## What the task requires:
Write out, exactly and only, the lines that run from the top of the records to the line with "Al centro, sul". Include both ends; exclude pictures.

## Extracted data:
_ _ _
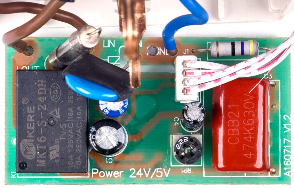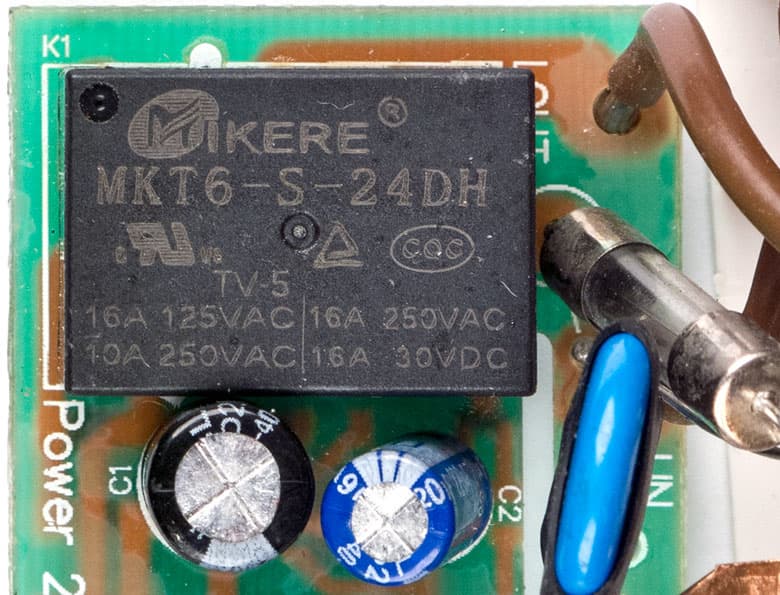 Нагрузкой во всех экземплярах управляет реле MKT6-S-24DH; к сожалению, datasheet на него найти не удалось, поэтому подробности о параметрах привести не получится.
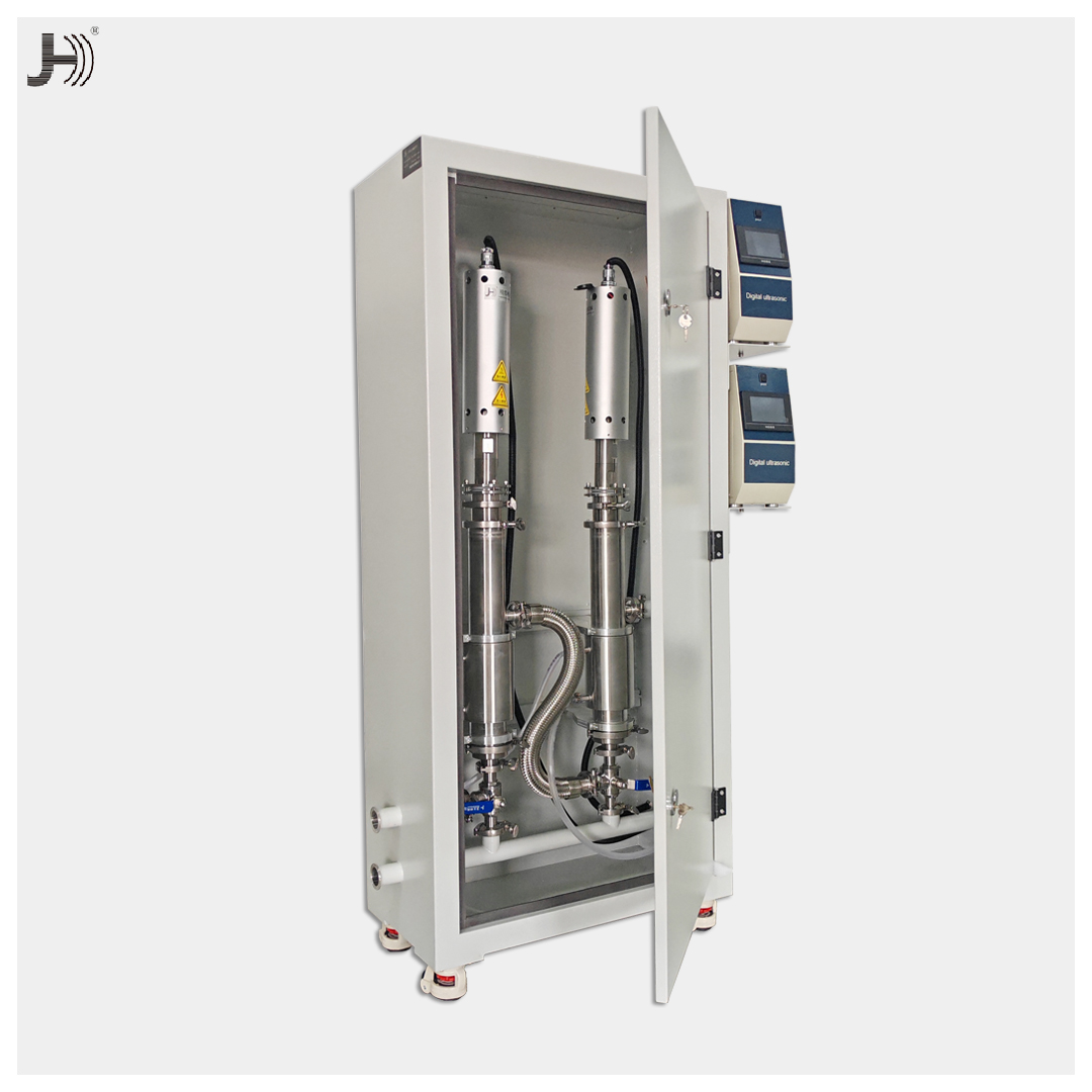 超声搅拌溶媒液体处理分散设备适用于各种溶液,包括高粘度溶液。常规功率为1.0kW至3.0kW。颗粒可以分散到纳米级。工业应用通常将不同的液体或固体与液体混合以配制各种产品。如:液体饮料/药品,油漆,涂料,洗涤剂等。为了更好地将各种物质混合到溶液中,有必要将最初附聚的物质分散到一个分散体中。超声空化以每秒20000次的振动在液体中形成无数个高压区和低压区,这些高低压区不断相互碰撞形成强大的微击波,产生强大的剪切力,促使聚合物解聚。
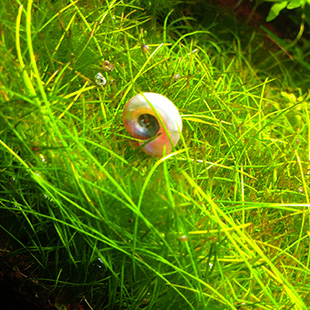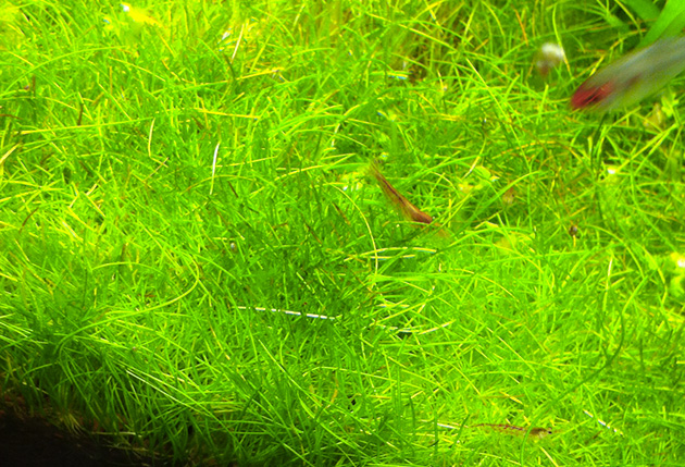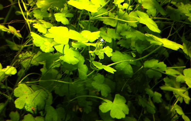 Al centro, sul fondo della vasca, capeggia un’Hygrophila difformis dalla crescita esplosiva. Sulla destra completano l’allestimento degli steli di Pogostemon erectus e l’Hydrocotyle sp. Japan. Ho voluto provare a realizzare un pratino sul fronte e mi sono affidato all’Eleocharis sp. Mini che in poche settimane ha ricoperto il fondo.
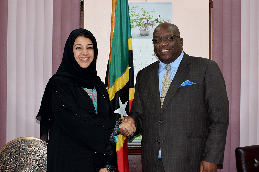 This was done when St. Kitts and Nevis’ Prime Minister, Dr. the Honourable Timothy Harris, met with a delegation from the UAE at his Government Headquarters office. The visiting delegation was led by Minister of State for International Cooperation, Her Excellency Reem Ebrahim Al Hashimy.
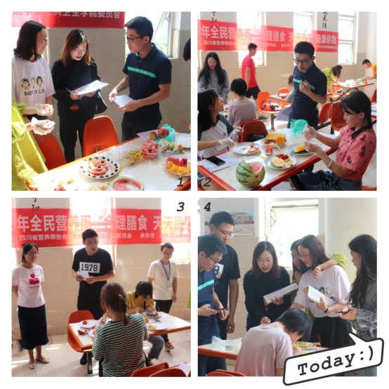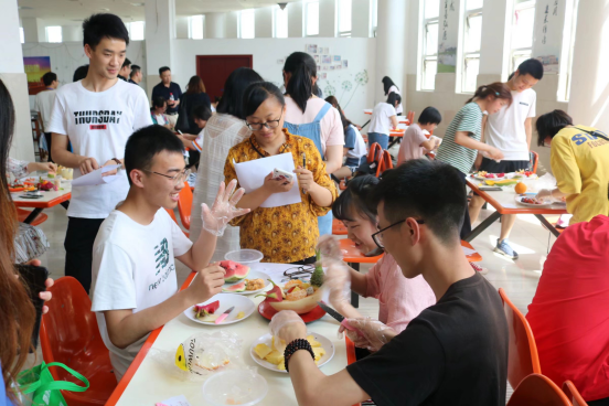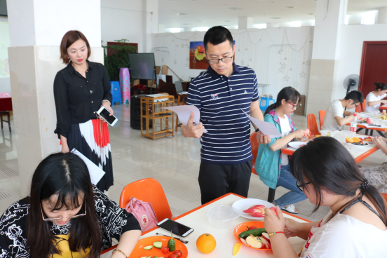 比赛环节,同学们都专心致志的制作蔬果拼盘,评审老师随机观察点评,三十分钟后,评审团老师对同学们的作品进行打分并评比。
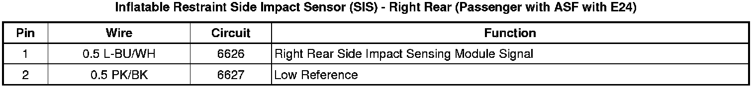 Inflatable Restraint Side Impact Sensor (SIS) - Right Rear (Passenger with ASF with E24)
_ _ _
## Completed task:
 Нагрузкой во всех экземплярах управляет реле MKT6-S-24DH; к сожалению, datasheet на него найти не удалось, поэтому подробности о параметрах привести не получится.
 超声搅拌溶媒液体处理分散设备适用于各种溶液,包括高粘度溶液。常规功率为1.0kW至3.0kW。颗粒可以分散到纳米级。工业应用通常将不同的液体或固体与液体混合以配制各种产品。如:液体饮料/药品,油漆,涂料,洗涤剂等。为了更好地将各种物质混合到溶液中,有必要将最初附聚的物质分散到一个分散体中。超声空化以每秒20000次的振动在液体中形成无数个高压区和低压区,这些高低压区不断相互碰撞形成强大的微击波,产生强大的剪切力,促使聚合物解聚。
 Al centro, sul fondo della vasca, capeggia un’Hygrophila difformis dalla crescita esplosiva. Sulla destra completano l’allestimento degli steli di Pogostemon erectus e l’Hydrocotyle sp. Japan. Ho voluto provare a realizzare un pratino sul fronte e mi sono affidato all’Eleocharis sp. Mini che in poche settimane ha ricoperto il fondo.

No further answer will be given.